Когда время твое миновало,
И звезда закатилась твоя,
Недочетов лишь я не искала,
И ошибкам твоим не судья.
Не пугают меня передряги,
И любовью, которой черты,
Столько раз доверяли бумаге,
Остаешься мне в жизни лишь ты…
- Ирка, врешь ты все, сама сочинила, а Байрона этого придумала специально, - захлопала в ладоши Маринка, подпрыгивая от нетерпения.
- Нет, Мариша, мне так не написать, далеко мне до него, - вздохнула Ирина, - довольны, господа Сенат?
- Дельная вещица, - похвалил музрук Смоляков, - подправить кое-что и вполне, вполне! В музыке, конечно, - заметив красноречивый взгляд, отбоярился Ярослав.
- Это ж классный медляк можно сварганить, - размышлял Витька, - Мариша, козочка, тьфу ты! Развелось вас, одноименных, пруд пруди. Козочка у меня – маленькая Рожкина, а ты, ты…
- Русалка!
- Лягушечка!
- Фунтик!
- Марусечка - душечка!
Прозвучали почти одновременно четыре подсказки, но Витька, попав под перекрестный огонь, не растерялся, выбрал мгновенно:
- Моя ж ты куколка!
Он потащил упирающуюся Маринку за руку, пытаясь изобразить страстное тангО.

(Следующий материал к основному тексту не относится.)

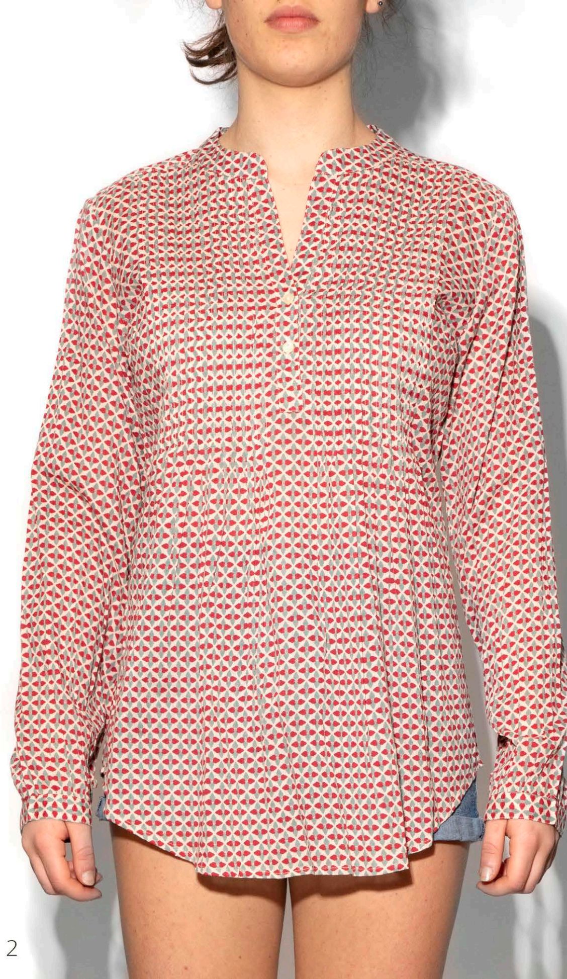
S 302 Kurta Fiore - 100% Cotone - s-m-l-xl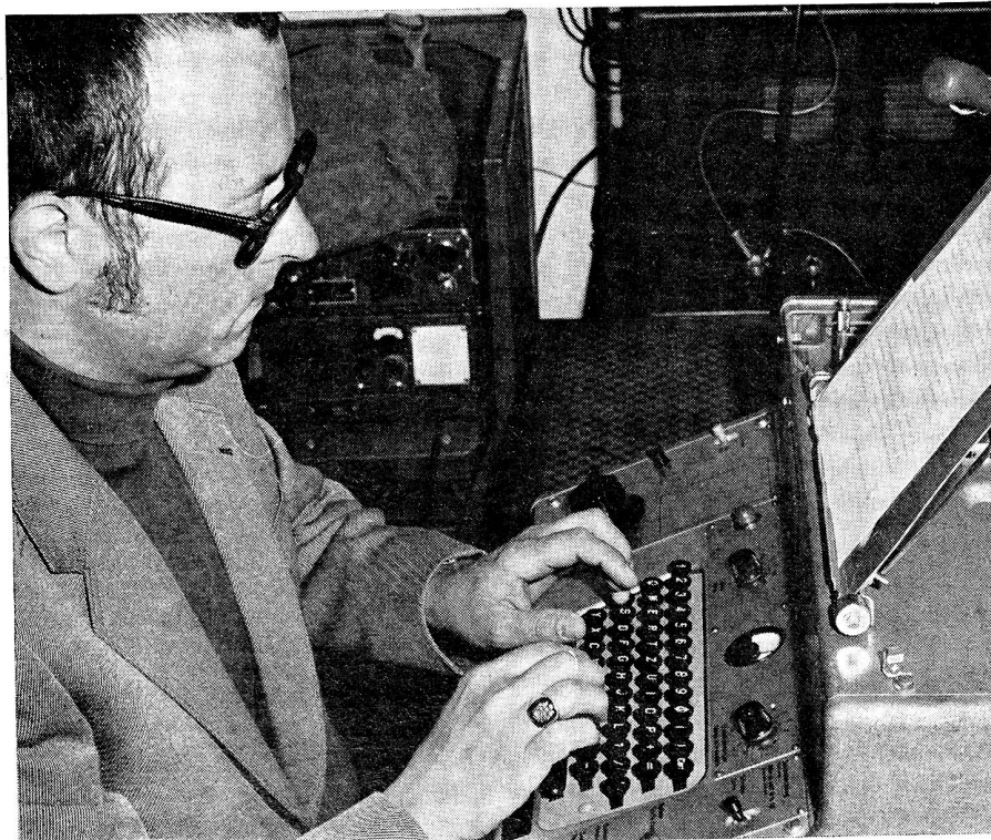
Zwischen Zürich, Uster und Uetikon wurde ein Netz SE-222 aufgebaut, das von Mitgliedern der beteiligten EVU-Sektionen betrieben wurde.

Dank schliesse ich aber auch alle Mitarbeiter an der Uebung selbst ein. «Polyphon» hat die erwarteten und erhofften Resultate erbracht. Wir erhielten wertvolle Unterlagen für unser Katastrophenkorps, aber auch jeder Beteiligte konnte — so hoffe ich — in technischer Hinsicht manches dazulernen.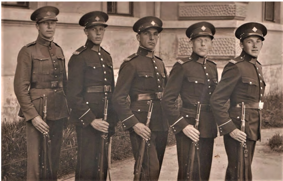
Líbezníčtí četníci – první republika

Ve druhé polovině šedesátých let 19. století vojenský policejní strážní sbor nahradily civilní bezpečnostní složky. Policisté se tak stali státními zaměstnanci, městskými nebo obecními strážníky, kteří byli placeni a řízeni městským magistrátem, obcí. To někdy býval problém. Lidé, kteří se o tuto agendu měli starat, to dělali jen velmi neradi. Důvodem byly náklady na stíhání a posléze živění vězňů, strach z pomsty od propuštěnců, kteří se mstili na majetku dozorujících úředníků loupežemi či zhářstvím. Dalším důvodem laxního přístupu k této agendě bylo také to, že většina úředníků nebyla právnícky vzdělána a dá se říci, že i pohodlná se touto agendou zabývat hlouběji. Proto se jí věnovali skutečně jen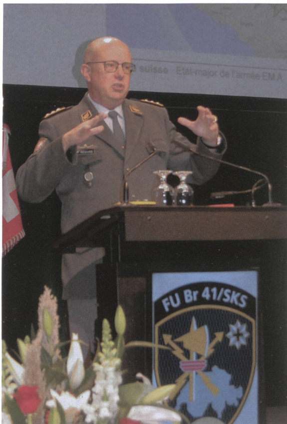
Der Chef der Armee spricht zur FU Brigade.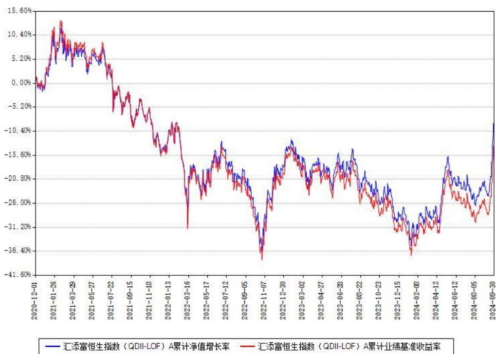
汇添富恒生指数 (QDII-LOF) A 累计净值增长率与同期业绩基准收益率对比图

- Мы будем танцевать всю ночь!
- Три пера вам в зад для легкости, - посулил Вовка, - а я пошел, у меня еще баскетбол сегодня. Ирка, ты меня убила! – он показал большой палец, - Молоток!
Ирина ответила ему воздушным поцелуем. Потом добавила:
- Убила, не убила, а Димка теперь один сидит. Несложно догадаться, кого предки убьют в свою очередь!
*****
Возле стелы-пожелания «Счастливого пути!» дорога резко сворачивала вправо, бежала по смешанному лесочку. Замелькали подружки-березы, первыми растерявшие золото листвы от проказ озорника-ветра, изредка перемежаясь разлапистыми темно-зелеными соснами.
Еще один правый поворот и взору открылся болотистый луг, покрытый по летнему свежей травой. Сказывалась близость реки. Сама река угадывалась в прихотливо изогнутых ракитах и зарослях вербы, кучно теснящихся вокруг русла, словно чуткие фрейлины вокруг властной императрицы.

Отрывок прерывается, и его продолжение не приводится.